__DATA RECORDS__:
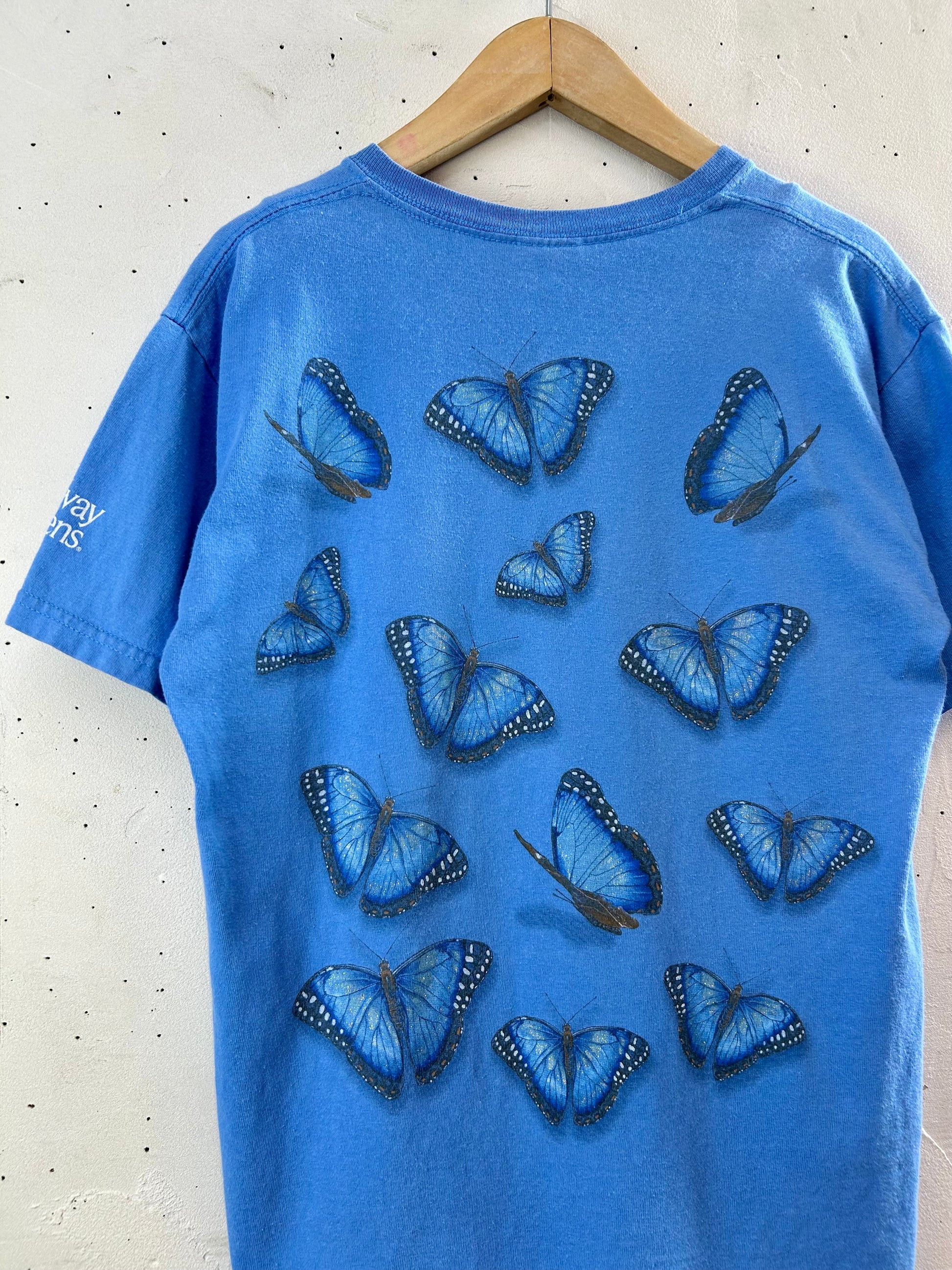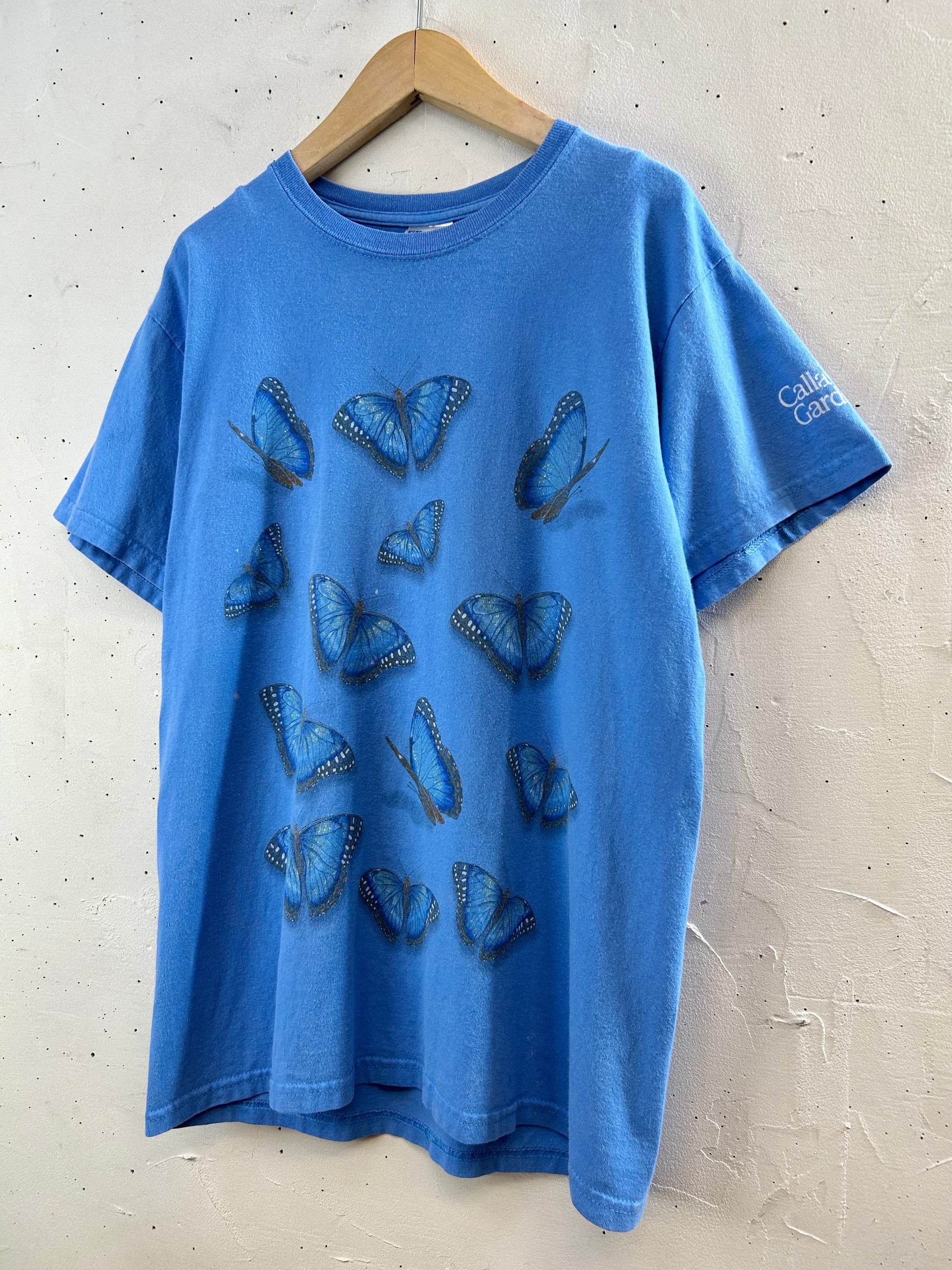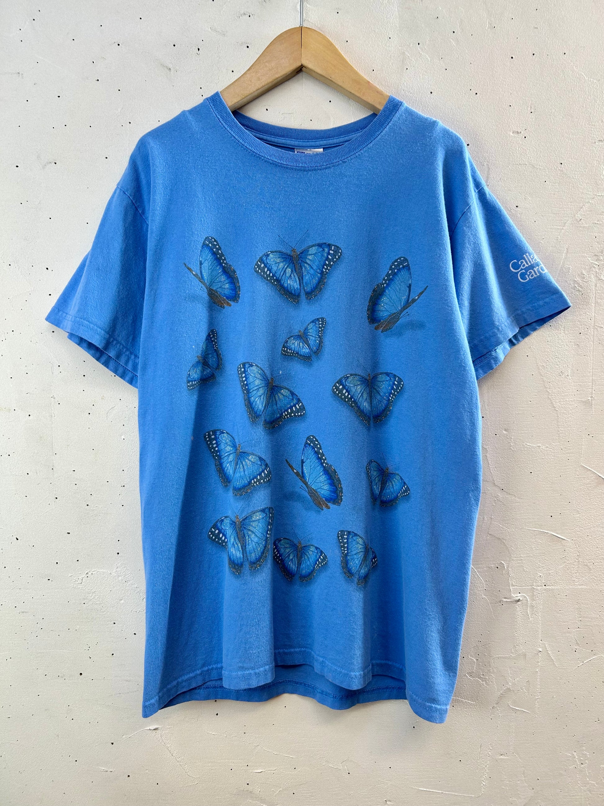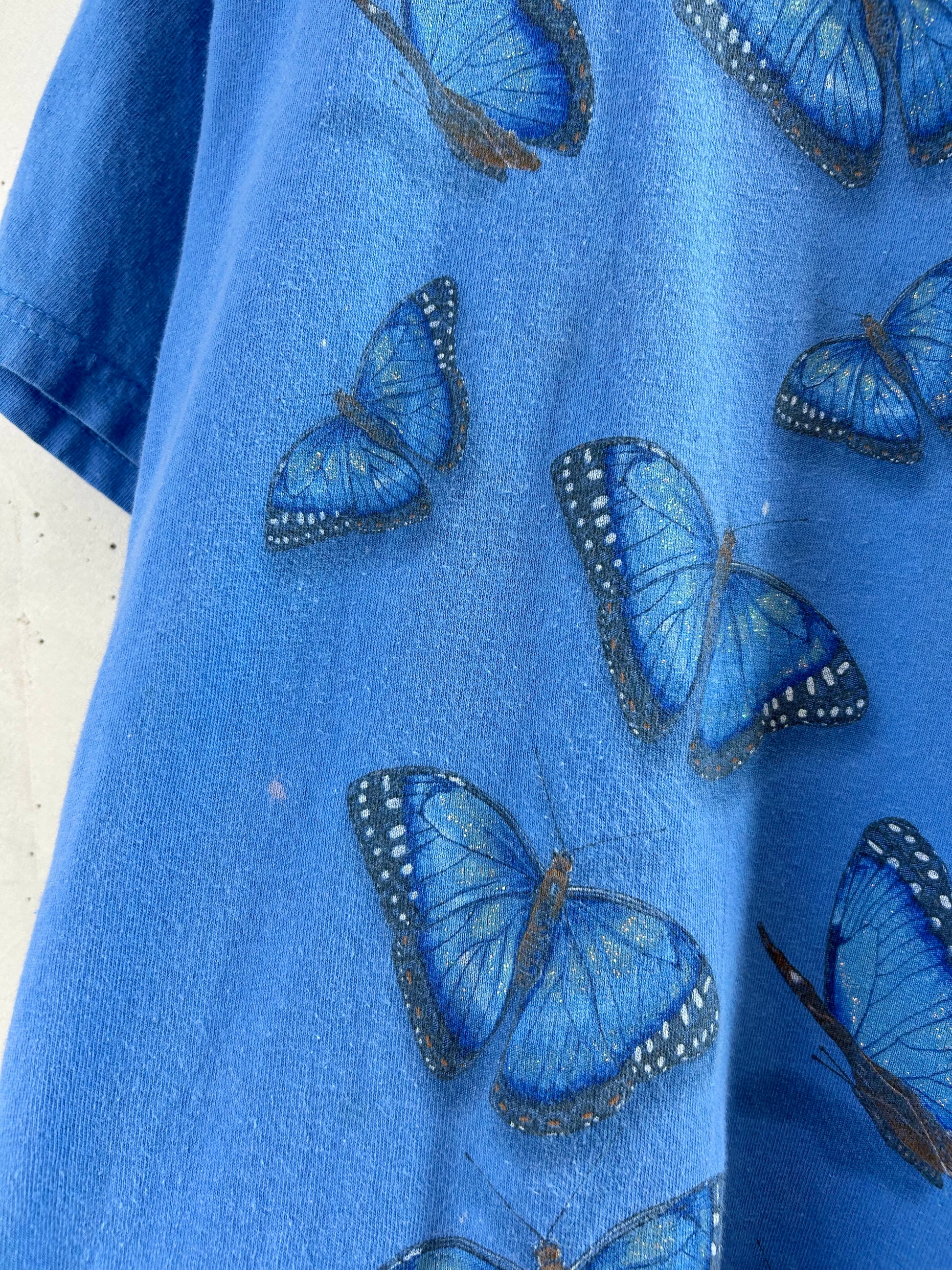くすみブルーボディに、綺麗な蝶々が両面にプリントされた1着。
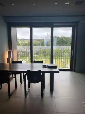 We stayed in a room on the second floor of the building called "Haru." The "Haru" rooms feature a terrace living area that feels like you're spending time by the seaside. Stepping out onto the terrace, you'll find a large sofa spacious enough for an adult man to comfortably lie down.
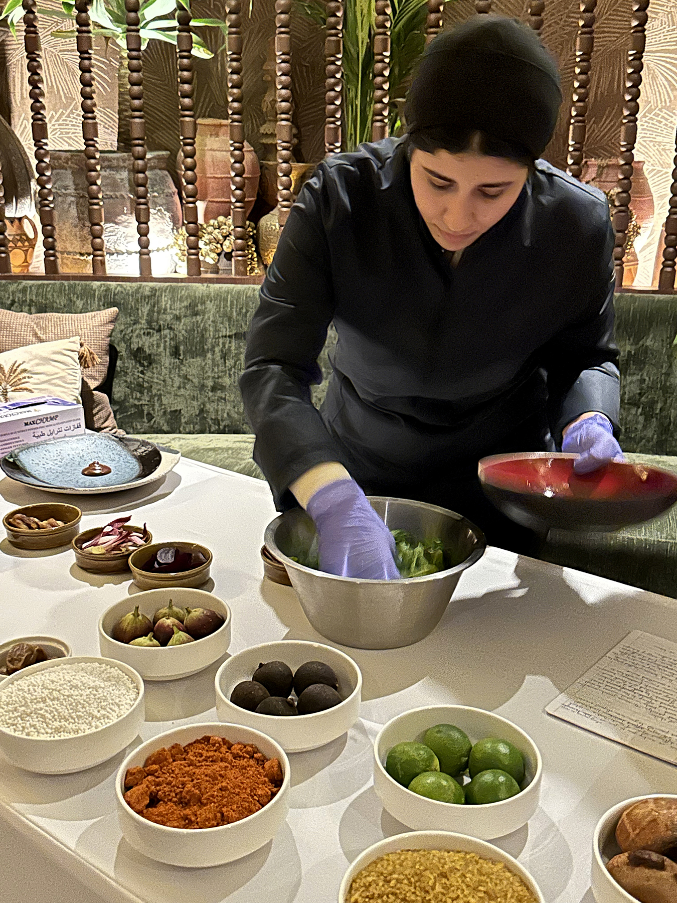 The morning featured celebrated guest speakers Chef Samar Jamal, co-author of Saudi Arabia: Cooking Her Heritage, and Chef Ahad Alghamdi of Nomas. Together, they guided attendees through a vibrant presentation of local ingredients and live food preparation, offering a rare glimpse into the artistry behind traditional Saudi cuisine. Guests were invited to savor dishes that highlighted the diversity of flavors across the Kingdom, from the intriguing Bread Box to the comforting Grilled Chicken Jareesh, and the refreshing Taif Journey drink that captured the essence of regional traditions.
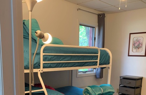 Gorgeous lake views from a spacious private shaded porch with a gas grill, large table, games and comfortable seating, a large private access to the lake for great fishing, kayaking, row boating and swimming are just some of the things you’ll find here. The kitchen is fully stocked with a new stove, refrigerator, waffle maker, rice cooker, coffee makers, everything you’ll need for cooking and enjoying your meals. Two bedrooms, one has a queen size bed, the other room has a bunk bed with a full size mattress on the bottom and a single mattress on top. Twelve minutes from the historic site of Woodstock now known as Bethel Woods where you can enjoy concerts, festivals, food and an awesome museum of the 1969 Woodstock festival. Short rides to Narrowsburg, Callicoon, Jeffersonville, all with great restaurants and small town vibes and the Delaware River. Many hiking trails are also available in the area.
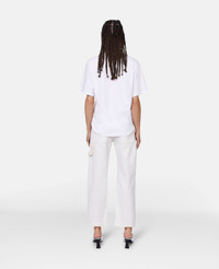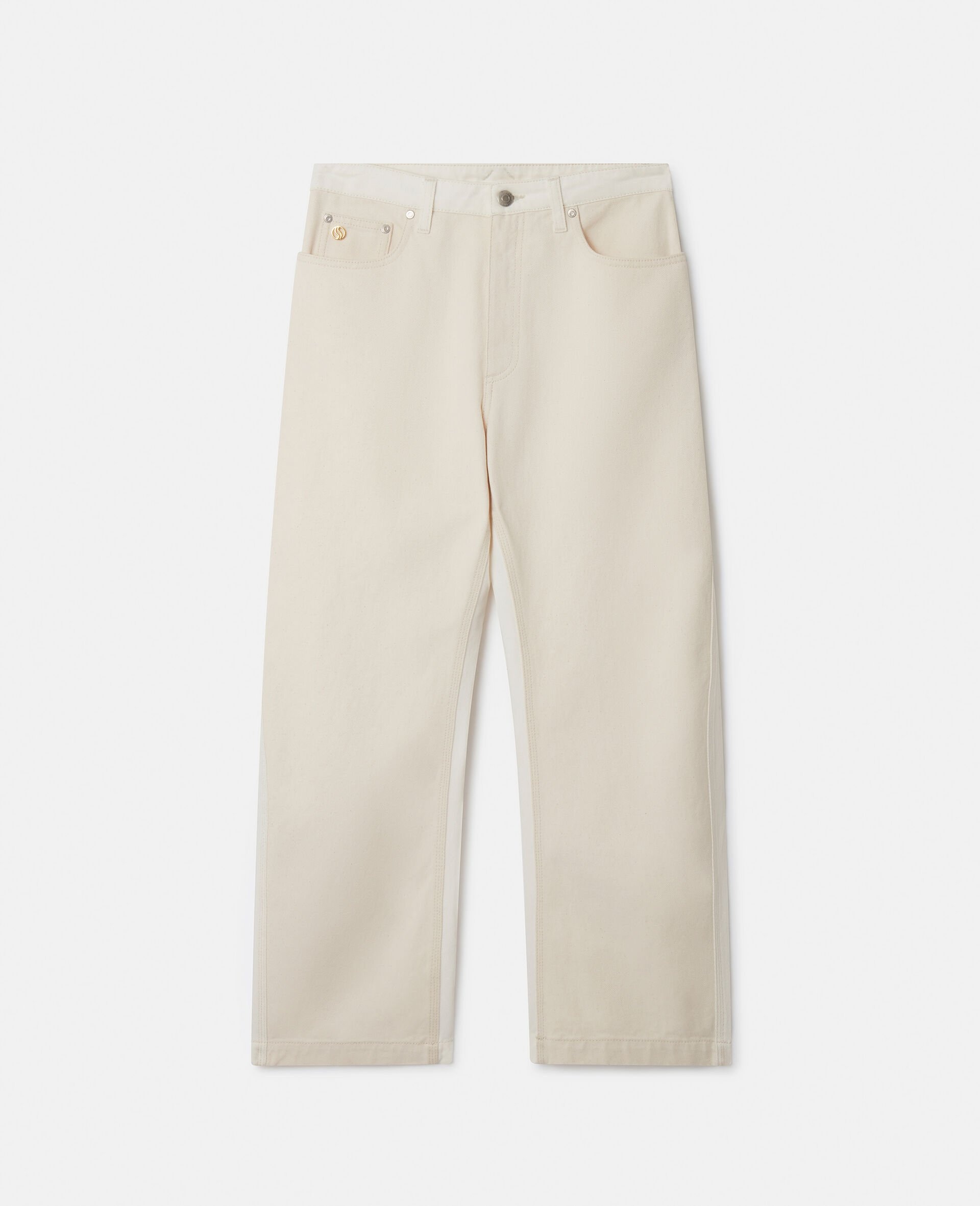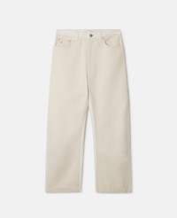 Item 6D02433SPH579067 - Colour: Ecru - Ecru - Organic cotton denim - Pure white back - Gold S-Wave medallion at hip - Stella McCartney logo patch at back - Zip fly with button secure - Belt loops - Five-pocket design - Banana leg - Made in Italy Product Care & Fit Advice - Care: Dry clean only - Composition: Main fabric: 100% organic cotton, Secondary fabric: 100% organic cotton - Fits true to size - Designed for a regular fit - Midweight, non-stretch fabric
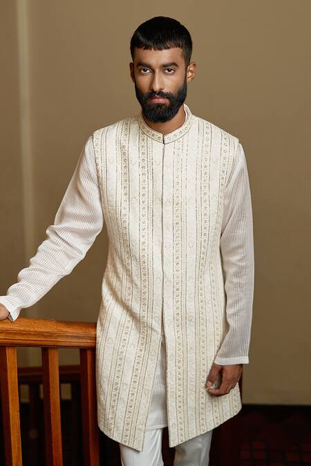 Off white sleeveless sherwani with floral chikankari work. Paired with kurta & pant.
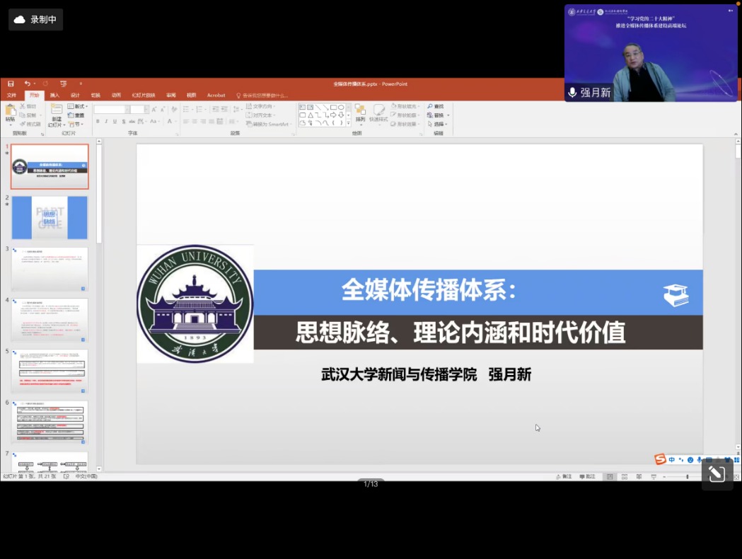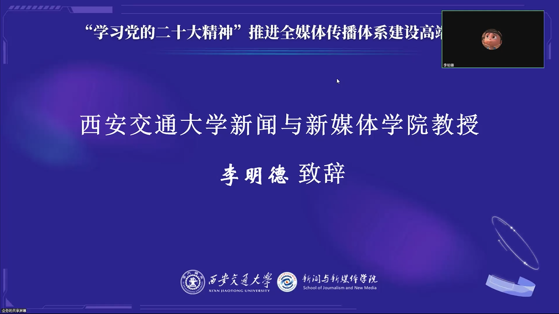 武汉大学新闻与传播学院院长强月新教授的分享主题为“全媒体传播体系:思想脉络、理论内涵和时代价值”。强月新教授认为:现代传播体系到全媒体传播体系的转型意味着传播能力提升与传播关系要不断调适。他同时指出:丰富和发展马克思主义新闻观、推动全媒体时代下的媒体深度融合、促进社会转型和推进国家治理现代化是全媒体传播体系建设的三大时代价值。
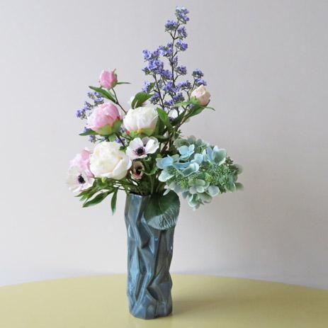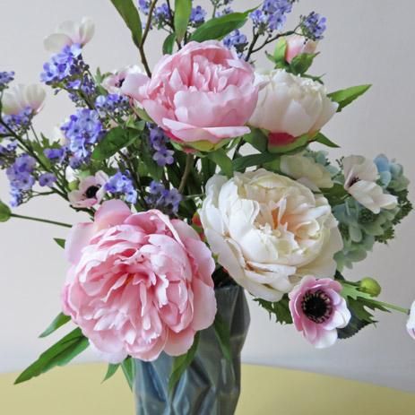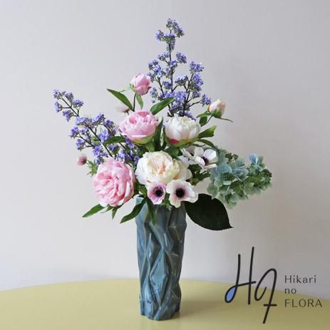 美しい小花をトップに、ピオニーをツインにしてハイドレンジアとアネモネの小花を添えました。花器は、個性的な形状で高級感があります。光触媒加工品なのでホコリが付きにくく、キレイが続きます。
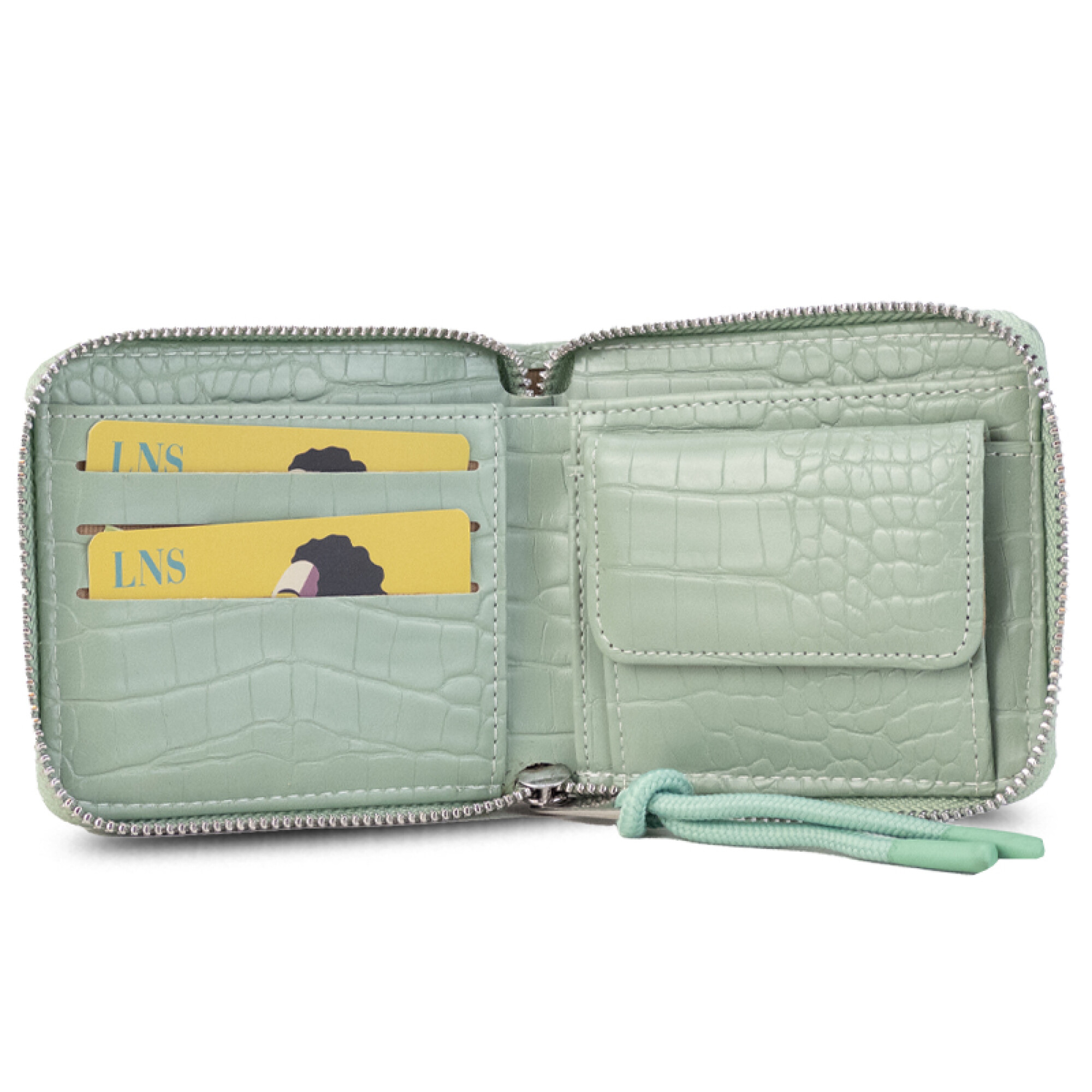 Su cierre permite una gran apertura. En su interior cuenta con visor y tarjetero.

__TASK ITEM__: Give the data again exactly. Keep the images out.

__WRITTEN REPLY__:
くすみブルーボディに、綺麗な蝶々が両面にプリントされた1着。
 We stayed in a room on the second floor of the building called "Haru." The "Haru" rooms feature a terrace living area that feels like you're spending time by the seaside. Stepping out onto the terrace, you'll find a large sofa spacious enough for an adult man to comfortably lie down.
 The morning featured celebrated guest speakers Chef Samar Jamal, co-author of Saudi Arabia: Cooking Her Heritage, and Chef Ahad Alghamdi of Nomas. Together, they guided attendees through a vibrant presentation of local ingredients and live food preparation, offering a rare glimpse into the artistry behind traditional Saudi cuisine. Guests were invited to savor dishes that highlighted the diversity of flavors across the Kingdom, from the intriguing Bread Box to the comforting Grilled Chicken Jareesh, and the refreshing Taif Journey drink that captured the essence of regional traditions.
 Gorgeous lake views from a spacious private shaded porch with a gas grill, large table, games and comfortable seating, a large private access to the lake for great fishing, kayaking, row boating and swimming are just some of the things you’ll find here. The kitchen is fully stocked with a new stove, refrigerator, waffle maker, rice cooker, coffee makers, everything you’ll need for cooking and enjoying your meals. Two bedrooms, one has a queen size bed, the other room has a bunk bed with a full size mattress on the bottom and a single mattress on top. Twelve minutes from the historic site of Woodstock now known as Bethel Woods where you can enjoy concerts, festivals, food and an awesome museum of the 1969 Woodstock festival. Short rides to Narrowsburg, Callicoon, Jeffersonville, all with great restaurants and small town vibes and the Delaware River. Many hiking trails are also available in the area.
 Item 6D02433SPH579067 - Colour: Ecru - Ecru - Organic cotton denim - Pure white back - Gold S-Wave medallion at hip - Stella McCartney logo patch at back - Zip fly with button secure - Belt loops - Five-pocket design - Banana leg - Made in Italy Product Care & Fit Advice - Care: Dry clean only - Composition: Main fabric: 100% organic cotton, Secondary fabric: 100% organic cotton - Fits true to size - Designed for a regular fit - Midweight, non-stretch fabric
 Off white sleeveless sherwani with floral chikankari work. Paired with kurta & pant.
 武汉大学新闻与传播学院院长强月新教授的分享主题为“全媒体传播体系:思想脉络、理论内涵和时代价值”。强月新教授认为:现代传播体系到全媒体传播体系的转型意味着传播能力提升与传播关系要不断调适。他同时指出:丰富和发展马克思主义新闻观、推动全媒体时代下的媒体深度融合、促进社会转型和推进国家治理现代化是全媒体传播体系建设的三大时代价值。
 美しい小花をトップに、ピオニーをツインにしてハイドレンジアとアネモネの小花を添えました。花器は、個性的な形状で高級感があります。光触媒加工品なのでホコリが付きにくく、キレイが続きます。
 Su cierre permite una gran apertura. En su interior cuenta con visor y tarjetero.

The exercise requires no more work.